The end-time Church (Messianic Community) is passing through a terrible but redemptive blaze. If you aren't passing through that fire right now, I would be dead scared because it means you are probably not on the Path! The fire that then comes will burn you up!
I've recently been complaining bitterly about this fire but now I see its purpose much more clearly. Now I fear for those who are on the outside and not on the inside where it hurts a bit. I am worried about those people who are running away from marriage and drowning themselves in career or other distractions. If I were them I would be fearing for my salvation. Better to be safe inside the purging fire, however painful, than on the outside temporarily safe but soon to have the ground removed from under your feet.
Yesterday a brother alerted me to the fact that anthrax spores have been found in a place where they shouldn't have been. The terrorist attacks on the World Trace Center and the Pentagon are but the opening overture of a wave of evil that is to come. (As is now true in 2016). As I write this (2001), we are in Day #3 of an unfolding war which will not suddenly end. The wars we have been seeing in Asia, Africa, and the Balkans which have never been concluded and have just dragged on year after year bringing untold misery in their wake, have now come to the rich West. The wars which were afar off to us have now come near. Any day a nuclear explositon, deadly anthrax, or some fatal nerve gas could be released by terrorists in your city. Are you prepared? Have you gathered out to places of safety? Are you a single woman without protection? What are you doing about this now that death may be on your very door steps? Will you grow complacent because there is a lull and convince yourself that such things won't happen to you?
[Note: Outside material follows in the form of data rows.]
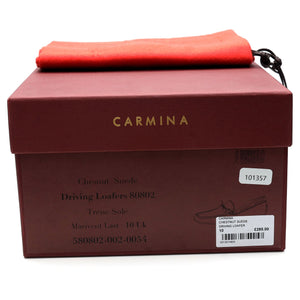 Carmina '80802' driving loafers in 'chestnut' dark brown suede.
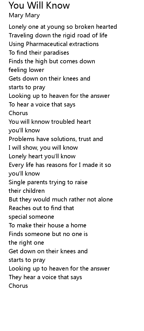 You Will Know Lyrics
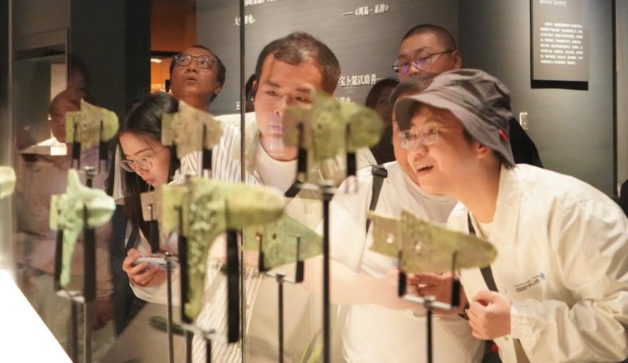 此次罗家坝遗址博物馆之行,为美院教师提供了丰富的教学素材与创作灵感。在参观过程中,青铜器上神秘的巴蜀图语、兵器独特的纹饰造型、陶器质朴的工艺美学,都成为可融入课堂教学的鲜活案例。通过青铜器、陶器、兵器等珍贵文物,大家深刻感受到巴文化与川渝地域艺术的深厚渊源。新进青年教师唐泽雨被一组青铜器深深吸引:“这些纹饰既展现了巴人的勇武精神,又蕴含着独特的艺术审美,对我们设计专业的教学很有启发。”

I know one brother who saw in a vision about 30 years ago the population of his home city utterly destroyed by anthrax or a similar contagion. I know another brother in Sweden who was shown in dreams the suicide attacks in the USA involving planes. The founder of our Order has seen in vision what is shortly to come to pass and a vision of what is happening now..
This is a heart-felt plea for spiritual reason and common sense. I do a lot of that, as you know. But when Yahweh lays such a heavy burden on my heart, I am compelled to declare His message so as not to have blood-guilt upon me. World history is entering a new and deadly phase. The old gods which have laid claim to dwelling alongside and with the true Elohim (God) of Israel in the lives of many Christians/Messianics, will soon be exposed for the liars that they are. They simply won't sustain their former spiritual lives any more. They will leave you destitute if you don't repent and seek for shelter in the fire of Yahweh. This really is no time for complacency or hiding away any longer - the burned-out wreck of the World Trade Center is a prophetic warning to all of us to WAKE UP!
In the ten or more years since I wrote this article in 2001, we have witnessed the proliferation of wars - Libya, Iraq and Syria to name but three - and the invasion of thousands of ISIS terrorists into Europe and America. All that I wrote in 2001 has come to pass and worse is yet to come.
In coming articles I shall be focussing much more on what a life in Christ is for a patriarchal family.